Влетев в подъезд, она чуть не наступила на кошку, вальяжно развалившуюся на резиновом коврике. «Чур меня», – громко крикнула она: кошка была черной, как осенняя ночь.

Дверь ей открыла заплаканная Нюша. Лялька испугалась. Она никогда не видела, чтобы смешливая, обычно улыбающаяся няня, плакала.

– Нюша, родненькая, что-нибудь с папой, да?

Нюша, всхлипывая, помогла ей снять пальто и повела на кухню. За столом сидела красивая пожилая женщина в темном костюме.

– Здравствуйте, – вежливо поздоровалась Ляля.

– Здравствуй, Ляля. Я твоя бабушка Лена, деточка, иди ко мне.

Ляля подошла к ней и присела на краешек табуретки. Она совсем не помнила мамину маму, они с дедушкой переехали в Иркутск еще до рождения Ляли и в Куйбышеве появлялись редко. А после отъезда мамы не были у них с отцом ни разу. Няня опять заплакала.

– Нюша, будьте добры, займитесь делом, я сама поговорю с Лялей.

Няня, вытирая фартуком заплаканное лицо, молча вышла из кухни.

– Ляля, ты уже взрослая девочка. Поэтому должна быть мужественной. Случилась беда, твоего папы больше нет. Тебе придется к этому привыкать.

У Ляли в носу защипало. Откуда ни возьмись, из глаз брызнули слезы.

– Не плачь. Ты не останешься одна. Теперь ты будешь жить со мной и с дедушкой.

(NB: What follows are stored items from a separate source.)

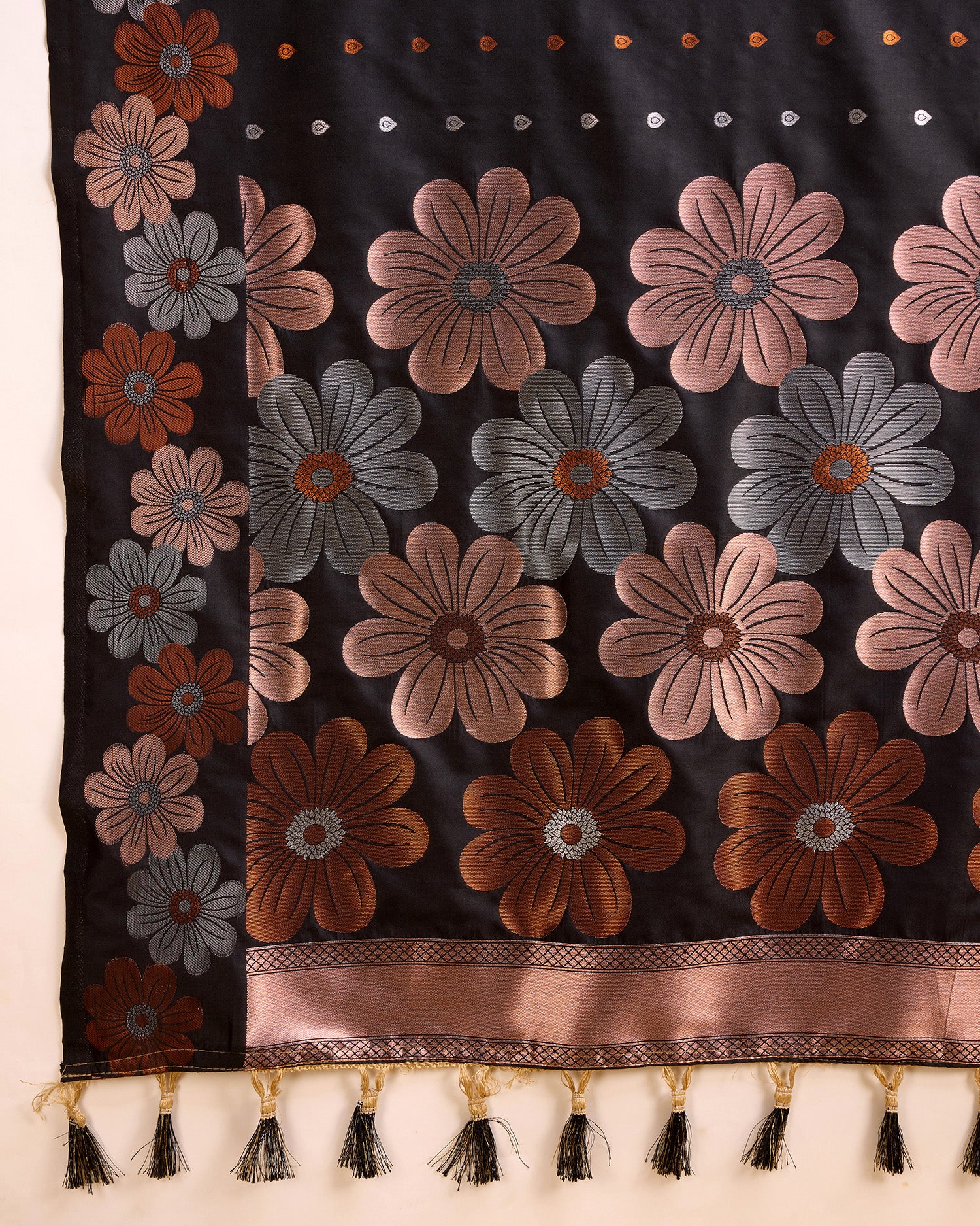 KHUSHI GRIVA DESIGNER FLORAL PRINT BANARSI PURE SILK SAREE
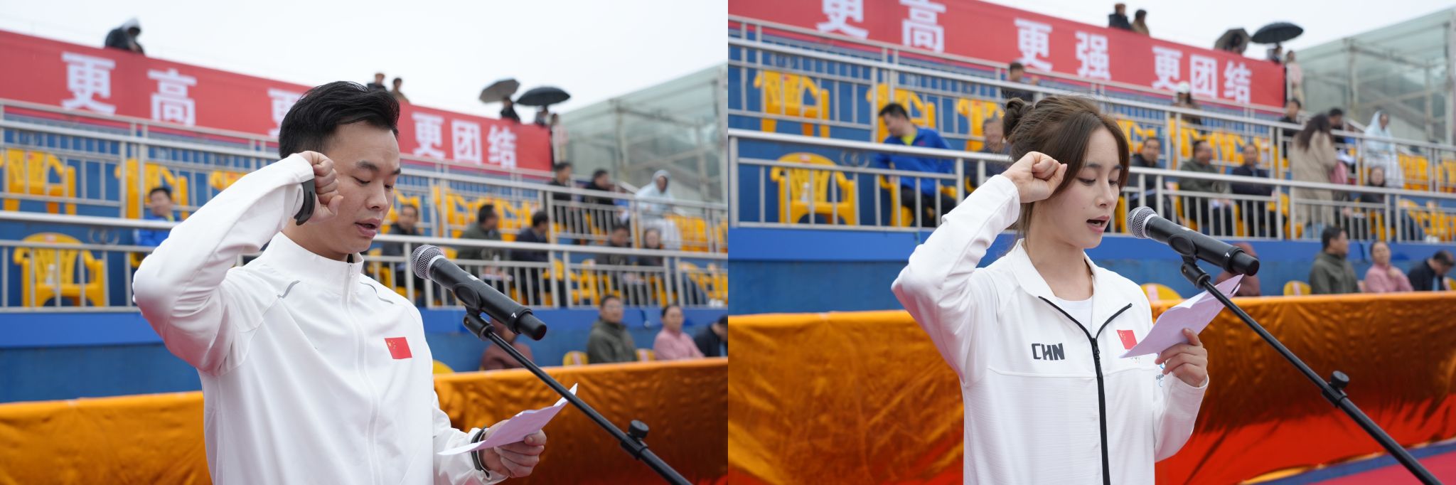 体育学院教师高云飞,体育学院2023级体育教育2班彭雅新分别作为裁判员代表和运动员代表宣誓。
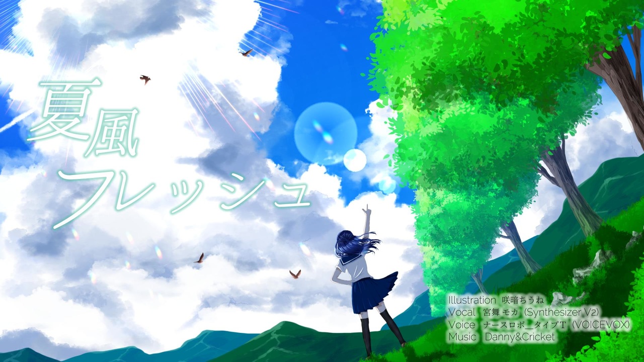 ニコニコ投稿53作目です<br><br>いつでも新鮮な季節、場所、気分!<br><br> ◇◆ ボカコレ2025夏 参加曲!! ◆◇ <br> △▼ 第1弾!!! ▼△<br><br> イラストは、咲暗ちうね 様(Piapro)からお借りしました<br> ありがとうございます!!<br><br>夏風フレッシュ<br><br>Illustration 咲暗ちうね ( <a href="https://piapro.jp/Sakura_1853" target="_blank" rel="noopener nofollow">https://piapro.jp/Sakura_1853</a> )<br>vocal 宮舞モカ(SynthesizerV2)<br>Voice ナースロボ_タイプT(VOICEVOX)<br>Music Danny&Cricket<br><br>twitter <a href="https://twitter.com/DannyAndCricket" target="_blank" rel="noopener nofollow">https://twitter.com/DannyAndCricket</a><br><br>■■■■■■■■■■■■■■■■■■■■■■■■■■■■■■■■■■■■■■■■■■■■■■■■■■■■■■■■■■■■■■■■■■■■■■■■■■■■■■<br>ボカコレ2025夏TOP100ランキング参加曲です。<br>『The VOCALOID Collection(ボカコレ)』はボカロ文化をきっかけに生まれたインターネット等で活動するクリエイターやユーザー、企業などボカロに関わる全ての方が参加できるボカロ文化の祭典です。<br><a href="https://vocaloid-collection.jp/" target="_blank" rel="noopener nofollow">https://vocaloid-collection.jp/</a><br>■■■■■■■■■■■■■■■■■■■■■■■■■■■■■■■■■■■■■■■■■■■■■■■■■■■■■■■■■■■■■■■■■■■■■■■■■■■■■■<br><br>
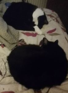 It’d almost 2am, I can’t sleep so I’m watching a silly film and I just looked over to see where the TV remote is and saw him. Now the cat flap has clattered and his sister has come in from outside. I guess she will be looking for a warm chair to sleep on too. Cats cheer me up when I’m feeling really low.
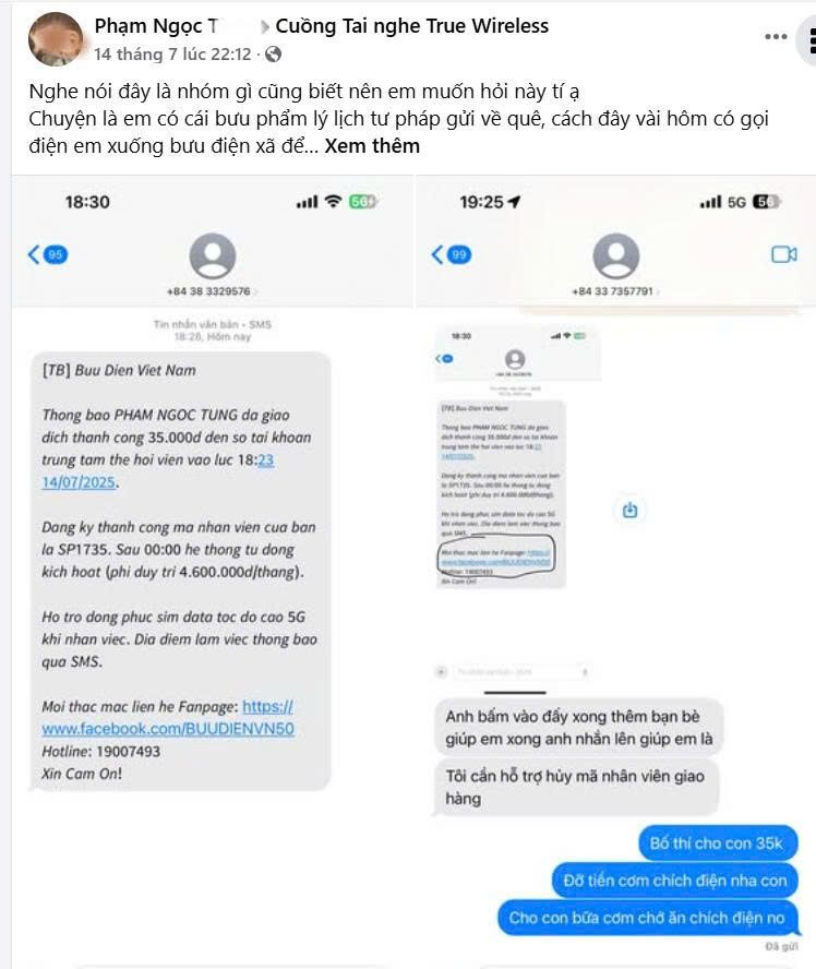 Giả danh nhân viên giao hàng, yêu cầu chuyển khoản phí: Trước đó, vào ngày 14/7, anh Phạm Ngọc T. (TP.HCM) cũng bị lừa khi một đối tượng tự xưng là nhân viên giao hàng của bưu cục gọi điện yêu cầu chuyển khoản 35.000 đồng để nhận bưu phẩm lý lịch tư pháp. Sau khi chuyển tiền, anh T. tiếp tục nhận tin nhắn yêu cầu "kích hoạt mã nhân viên" với giá 4,6 triệu đồng/tháng. Kẻ lừa đảo còn hướng dẫn anh T. vào đường link Facebook "Bưu điện Việt Nam" giả mạo để "giải quyết sự cố". Anh T. hoang mang nhận ra mình đã bị lừa.
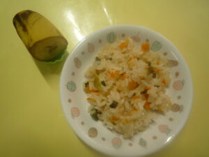 (給食) ・ごはん ・ポークケチャップ ・いんげんソテー ・コーンスープ (おやつ)・チャーハン ・バナナ ・お茶

Ляля плакала и думала только о том, что больше никогда не увидит папу. Последнее время у него участились приступы кашля, и им с Нюшей приходилось часто вызывать неотложку. Но этой осенью он собирался лечиться в санатории, и они надеялись, что оттуда он вернется здоровым. Ляля с тоской посмотрела на бабушку. Ну что может понимать эта, совсем ей чужая женщина? Почему она, Ляля, должна жить с ней? Лучше она останется с Нюшей. Сколько себя помнила Лялька, та все время была рядом. После отъезда матери она совсем переселилась к ним в квартиру. К себе она ходила только поливать цветы и проветривать комнату. Она любит Лялю, они никогда не ссорились, даже когда Ляля грубила ей. Отец часто шутил, что они бы пропали без своей благодетельницы. Даже, когда с ними жила ее мать, Ляля все время вертелась возле Нюши. А теперь она должна ее бросить!

* * *

Ляля сидела в скверике около музыкальной школы и тихонько насвистывала «Прощание славянки». Домой идти не хотелось. Все получилось даже хуже, чем она могла предположить. Бабушка воцарилась в доме сразу же, на следующий день после похорон. С этого дня жизнь Ляли стала подчиняться железному распорядку. У нее появились свои обязанности, которые должны были выполняться неукоснительно. Ляля не могла без ее разрешения привести домой подруг, да и кто может считаться ее подругой, а кто нет, решала тоже Елена Афанасьевна. Однажды, придя на тренировку, она встретила ее, выходящей из кабинета директора спортшколы. С того дня тренировки для нее закончились. Ляля даже не стала выяснять, почему. Она уже давно поняла, что ответа на свои «глупые» вопросы не дождется.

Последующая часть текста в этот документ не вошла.